First, why not Gingrich? Because he’s already dropping
fast in Iowa and dropping fast in hypothetical match-ups against
Obama, and Republican voters are desperate for a candidate who can
evict today’s Oval Office Occupier. Before much longer, too many
people will have realized that Gingrich is, in style,
discipline, and ethics, the Bill Clinton of the Right, without the
rape but with only half the charm and twice the abrasiveness.
He exhibits the extreme egomania of a new Napoleon — and, for that
matter, looks as if he has
eaten too many Napoleon puff pastries to have the stamina for
the marathon that is the modern presidential campaign.
Okay, then why not a resurgence by Rick Perry, who by most
accounts is a good man? Because, while fall debates rarely are
strongly decisive in presidential campaigns, Republican voters
certainly don’t want to risk having an awful debate performance
cause the loss of a close election. Because Perry bombed or
underwhelmed in five consecutive debates, Republican voters just
won’t be able to bring themselves to trust that he’ll be a winning
standard-bearer. (Hence National Review’s dismissal of
Perry in the course of their “Not Gingrich”

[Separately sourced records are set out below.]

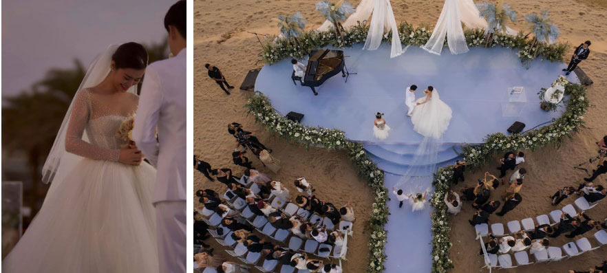 Được biết NTK Chung Thanh Phong đã mất tới 6 tháng để hoàn thiện 2 mẫu váy cưới này. Thân váy được đính đá swarovski trong suốt lấp lánh lấy cảm hứng từ những giọt sương mai. Phần veli có độ dài tới 5 mét.
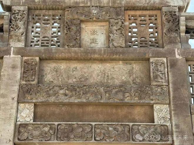 欧阳修广场东有一大牌坊,正面上书“圣旨 高风峻节 旌表吏部左侍郎谭尚忠坊”。
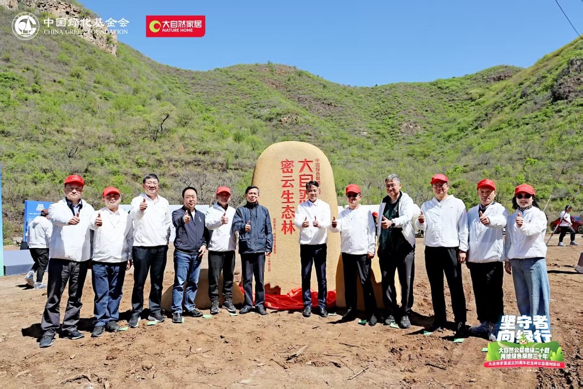 在密云生態(tài)林揭幕儀式上,中國(guó)綠化基金會(huì)主席陳述賢、大自然家居董事長(zhǎng)佘學(xué)彬、北京市園林綠化局二級(jí)巡視員王小平、中國(guó)綠化基金會(huì)副主席徐濟(jì)德、中國(guó)林業(yè)產(chǎn)業(yè)聯(lián)合會(huì)會(huì)長(zhǎng)封加平、中國(guó)綠化基金會(huì)副主席陳蓬、中國(guó)綠化基金會(huì)副主席葉智、中國(guó)綠化基金會(huì)秘書長(zhǎng)張全洲、中國(guó)木材保護(hù)工業(yè)協(xié)會(huì)會(huì)長(zhǎng)劉能文、中國(guó)木材與木制品流通協(xié)會(huì)會(huì)長(zhǎng)李佳峰、大自然家居副董事長(zhǎng)袁順意等,共同為“大自然30周年紀(jì)念林”揭幕。密云生態(tài)紀(jì)念林的落地,不僅見(jiàn)證了大自然家居30年來(lái)在綠色發(fā)展道路上的堅(jiān)守,更彰顯了其將可持續(xù)發(fā)展理念轉(zhuǎn)化為產(chǎn)業(yè)實(shí)踐的戰(zhàn)略定力。
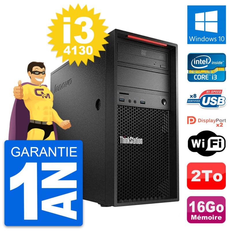PC Tour Lenovo ThinkStation P300 MT - Intel Core i3-4130 3.4 Ghz (3 Mo) - 16 Go DDR3 - Disque Dur 3,5" 2 To - Graveur DVD - Clef Wifi USB - Windows 10 - Garantie 1 an.
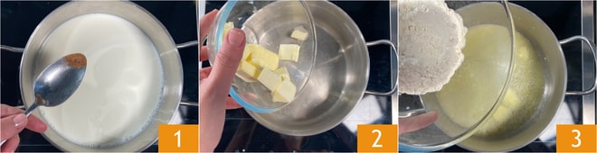Pour préparer les lasagnes au ragoût de lentilles, commencez par la béchamel : versez le lait dans une casserole, ajoutez la noix de muscade 1 et le sel, puis faites-le chauffer. Mettez le beurre dans une autre casserole 2 et faites-le fondre à feu doux, puis ajoutez la farine d'un coup 3.
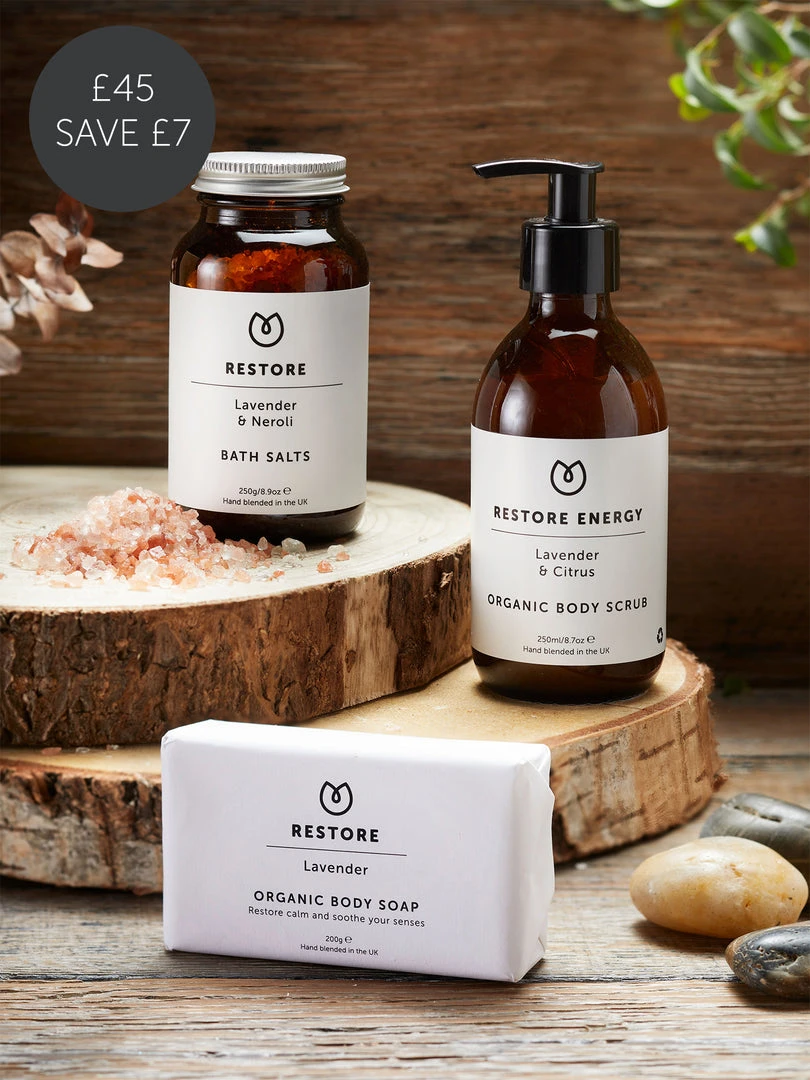 Take some time to indulge with our Yogamatters Restore Bath Set; including our organic bath salts, body scrub and soap bar, in the soothing and refreshing scents of Lavender, Citrus and Neroli.
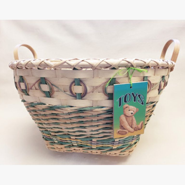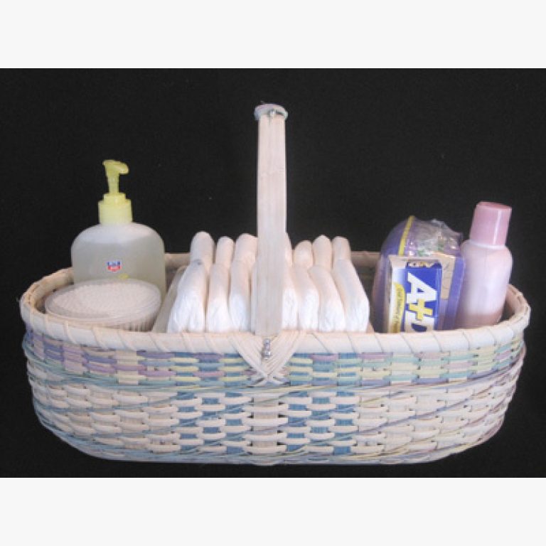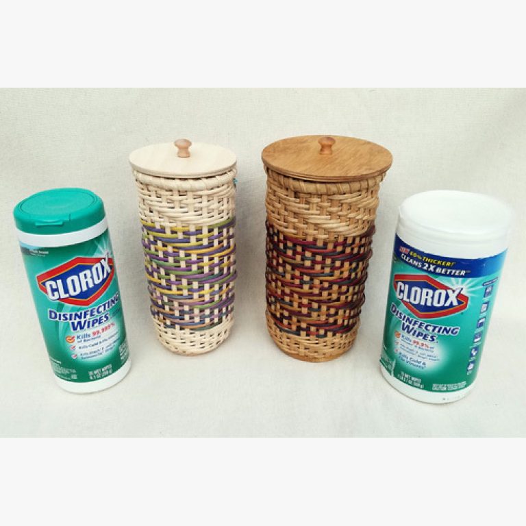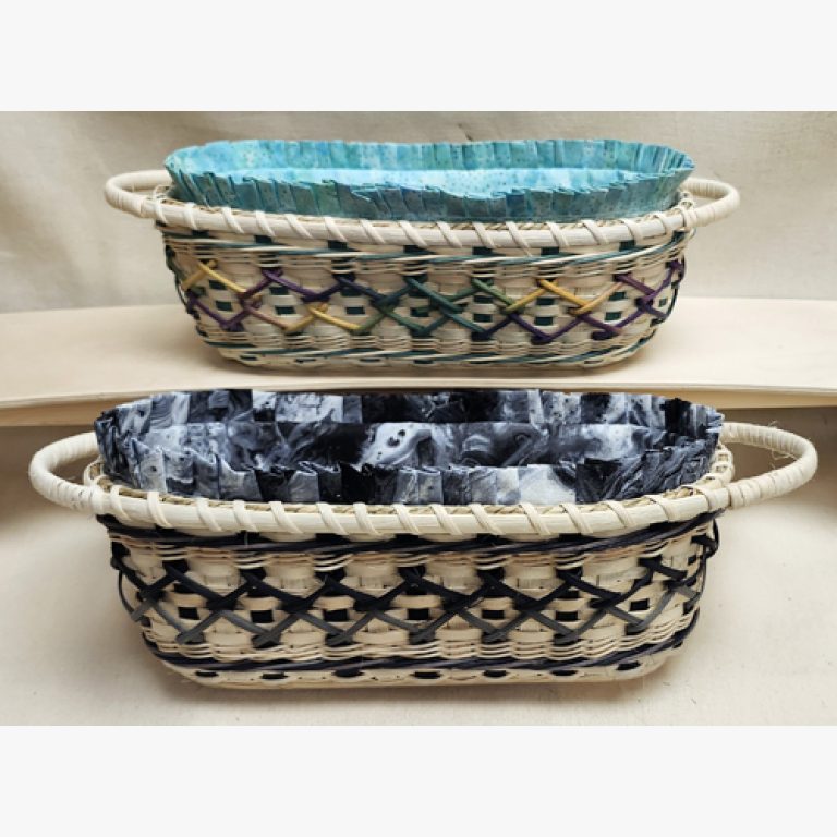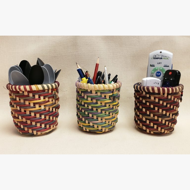 This versatile wastebasket begins with a 5" x 8" Corner Round wooden slotted base. Techniques are continuous twill, triple twining in pairs and overlay vertical color to set off the beauty of the center twill and insert decorative loops.
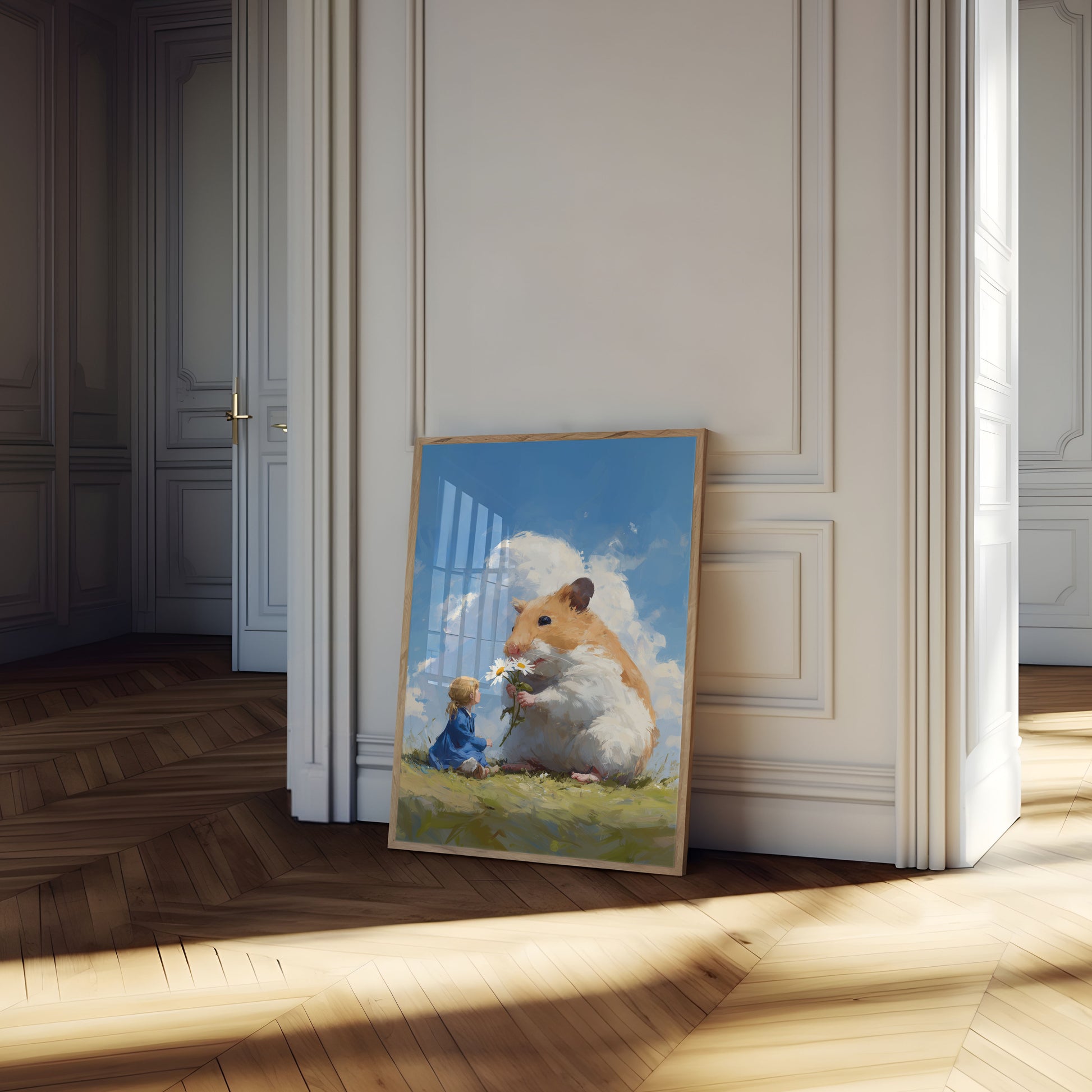 Step into a magical world where a giant, adorable hamster shares a tender moment with a small child, offering a delicate daisy against a dreamy blue sky. This charming art piece captures an enchanting scene of unexpected friendship and innocent wonder, blending soft watercolor-like textures with a heartwarming interaction between a fluffy hamster and a child in a lush, sunlit meadow. The painting radiates warmth, joy, and the pure magic of imagination.

editorial on Wednesday.) A candidate who bombed upon entry even
with the advantages of $17 million is not somebody in whom the
primary electorate will have sufficient confidence.

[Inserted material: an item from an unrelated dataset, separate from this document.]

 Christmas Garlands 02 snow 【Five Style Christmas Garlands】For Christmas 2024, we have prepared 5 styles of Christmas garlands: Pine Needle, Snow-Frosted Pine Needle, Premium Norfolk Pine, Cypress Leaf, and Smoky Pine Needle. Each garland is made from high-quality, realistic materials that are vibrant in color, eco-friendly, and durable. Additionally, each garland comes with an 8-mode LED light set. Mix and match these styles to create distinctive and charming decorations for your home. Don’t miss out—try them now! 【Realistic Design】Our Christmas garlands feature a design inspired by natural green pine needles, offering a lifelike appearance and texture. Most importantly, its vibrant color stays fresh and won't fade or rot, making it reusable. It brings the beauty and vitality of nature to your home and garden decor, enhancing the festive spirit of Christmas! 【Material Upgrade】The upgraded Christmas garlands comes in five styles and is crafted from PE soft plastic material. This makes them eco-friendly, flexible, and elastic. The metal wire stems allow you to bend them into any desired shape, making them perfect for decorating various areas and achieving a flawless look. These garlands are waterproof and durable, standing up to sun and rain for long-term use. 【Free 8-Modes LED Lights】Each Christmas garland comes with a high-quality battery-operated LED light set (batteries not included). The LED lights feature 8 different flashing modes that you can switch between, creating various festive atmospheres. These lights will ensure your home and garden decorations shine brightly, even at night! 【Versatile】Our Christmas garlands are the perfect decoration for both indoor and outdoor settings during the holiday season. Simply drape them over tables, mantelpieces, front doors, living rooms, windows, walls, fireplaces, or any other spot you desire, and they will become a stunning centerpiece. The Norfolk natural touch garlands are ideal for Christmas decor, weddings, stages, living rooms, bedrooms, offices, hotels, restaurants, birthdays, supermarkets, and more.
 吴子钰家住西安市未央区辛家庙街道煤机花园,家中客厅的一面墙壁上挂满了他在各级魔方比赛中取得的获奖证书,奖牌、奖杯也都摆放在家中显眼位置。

Michele Bachmann has much to recommend her as an admirable
figure, but the impression is indelible that she is still too green
for the White House. Ron Paul will do well in Iowa, but his “blame
America for 9/11” shtick will never fly long enough to make him a
serious contender. And Jon Huntsman is annoyingly supercilious and
unctuous and has far too weirdly gone out of his way to insult too
many sub-groups of conservatives.
All of which leaves, among those currently in the race,
only
Rick Santorum. Now, clearly, Santorum has yet to “project” the
charismatic image of a potential winner, and has yet to overcome
the stigma of his large loss in his 2006 Senate re-election
campaign. On the other hand, he is the only candidate in the whole
race who has yet to make a serious gaffe. He is the only candidate
other than Gingrich whose every debate performance has been at
least solid and substantive. He is the only candidate without any
major downside for large numbers of conservatives. He is the only
candidate who, if he rises, won’t be subject to surprises that make
him collapse like a soufflé upon further inspection. He has, bar
none, the strongest grassroots organization in Iowa, along with
surprisingly decent bones on which to put real campaign flesh in
New Hampshire and especially South Carolina if he does catch some
fire in Iowa. He has worked harder, almost certainly, than any of
the other candidates (although Bachmann’s campaign work ethic might
be equally as strong). He clearly has established more personal
connections in Iowa than any of the others, testing whether
old-fashioned, one-by-one voter contacts can still pay dividends in
the modern political world.
Aside from Gingrich, Santorum has the longest record of
actual achievement within government. His legislative record is
remarkably substantive, and his rise to the third-ranking position
in the Senate GOP hierarchy completely belies the
establishment-media portrayal of him as a right-wing gadfly. His
foreign/defense-policy knowledge is deeper than anybody’s but
Huntsman’s, and his foreign/defense-policy views are far more
acceptable to a wide range of conservatives than are Huntsman’s.
His biggest
economic proposal may not have the most obvious sex appeal, but
it would be the strongest and — a key consideration — the most
politically achievable job producer of any of them.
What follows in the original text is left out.